Albino Redwoods

If you are a very lucky person hiking in the redwood forests of California you may just be able to see a ghost. Not a "real" ghost of course, but pretty darn close. Scattered about these ancient forests are rare and peculiar albino redwood trees! Seeing one is seeing something very special indeed.

Redwoods (Sequoia sempervirens) are some of the largest and oldest organisms on the planet. They are famous worldwide for their grandeur. Aside from their obvious charismatic physical traits, redwoods are quite interesting genetically. These giant gymnosperms are genetically hexaploid, meaning they have 6 copies of their genetic code. What this means for redwoods is the ability to experiment with a wider array of mutations than a diploid organism like you and I. A mutation in one set of chromosomes still leaves 5 other copies to maintain normal genetic function. Whereas this can translate into massive benefits in defenses against pathogens, it also means there is a lot of room for error as well. 

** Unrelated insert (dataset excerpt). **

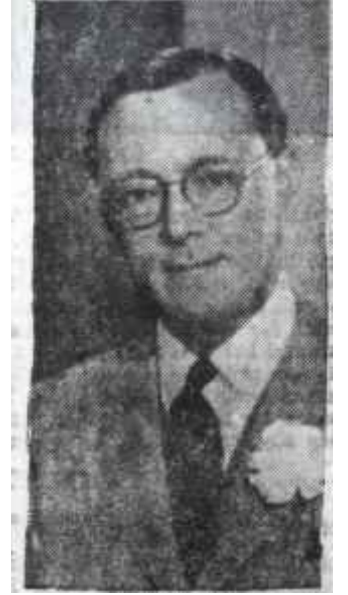
Prens Bernhard ... ve bir daha!

mevzuların başında "Basın Hürriyeti" gelmektedir. Enstitünün yaptığı ilmi; e-tüddler, bilhassa gazeteciler arasında büyük alaka uyandırmakta ve gazetecilik mesleğinin gelişmesini temin eden temel gıdanın hürriyet olduğunu ortaya koymaktadır. Enstitünün araştırmaları göstermiştir ki, nerede hürriyet varsa orada basın gelişmekte, nerede hürriyetler kısılmışsa orada da basın gerilemektedir. Enstitünün tarafsız ve sırf mesleki gayelerle yaptığı araştırmaları sonunda vardığı bazı neticeler, bir taifem memleketlerin idarecileri arasında hoş karşılanmamış, hattâ merhum Somuncuoğlu gibi bunu içiş-

The albino redwoods are an example of a seemingly dead end mutation. For a plant that relies of photosynthesis to survive, the loss of photosynthetic pigments should spell disaster. The question is why do albino redwoods exist at all? Well, the albinos become parasites on their photosynthetic parents. You see, albino redwoods are mutant offshoots of healthy trees. Something in a bud goes awry and the resultant shoot fails to develop chlorophyll. Sometimes chimeras arise which produce leaves that are half photosynthetic and half albino. Still, how do these mutations persist?

Researchers have found that the leaves of albino redwoods have twice the amount of stomata than do normal redwood leaves. This makes them quite susceptible to drought. During dry years, the trees quickly dehydrate and their host trees withdraw all support. The albinos will often die off but then re-sprout when conditions improve. This disappearing and reappearing act further lends to their mythos. However, this does not capture the full picture. The fact that photosynthetic redwoods tolerate the albinos on any level is quite curious. Even photosynthetic branches that don't produce enough energy are shed. What else could be going on?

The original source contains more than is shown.